After a sub-par 1930. Kamm was traded to the Indians for the 1929 batting champ, Lew Fonseca. The trade, initially disliked by Kamm, was a boost to his career. He batted .291 in 1931, and followed that with two more seasons in the .280's.
By spring of 1935, Kamm, now 35 years of age, had slowed considerably, and by May was released by the Indians. In his 14 years, he batted a very commendable .281 with over 1600 hits. He was also retired with the best fielding percentage by a third baseman at the time (.967), a number since passed.
Kamm returned to California after his playing days, managing in the PCL for a few seasons.
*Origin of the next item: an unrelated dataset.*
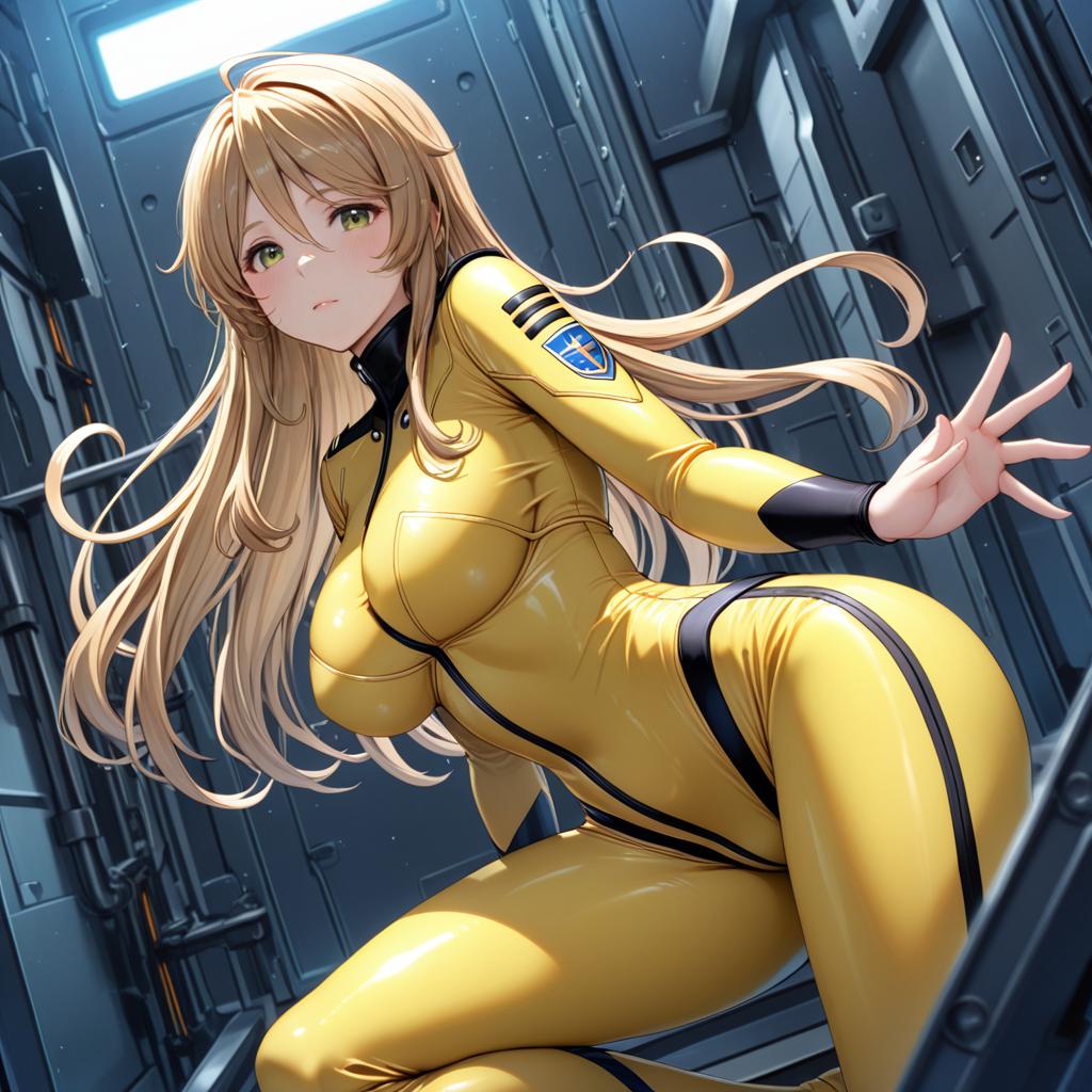 Detailed digital anime-style illustration of a young woman with long blonde hair and greenish-brown eyes wearing a tight, shiny yellow bodysuit with black accents. She is positioned in a futuristic, dark industrial sci-fi room with metallic walls and a small window. The character has medium to large breasts and an expressive, slightly contemplative facial expression. The scene evokes a space or sci-fi environment.

He enjoyed the boost in fame he received from Lawrence Ritter's book "The Glory of Their Times," published in 1966. He died in 1988 at the age of 88.
Kamm was a sure and steady player, a model of consistency. One of the players who are forgotten once their playing days ended, it is only through Ritter's book that his name is even slightly remembered today. Had there been All-Star games during his playing days, he would have been on the AL squad year-after-year. When I think of Willie Kamm and try to contemporize his fame, the first two names I come up with are Doug Decinces and Roy Smalley. Smalley and Decinces had nice long careers at shortstop and third base, respectively. Most teams in the AL would have considered their addition to be a marked upgrade to what they currently had there. But the second their careers ended..... well, you don't hear many people talking about Roy Smalley and Doug Decinces these days, do you?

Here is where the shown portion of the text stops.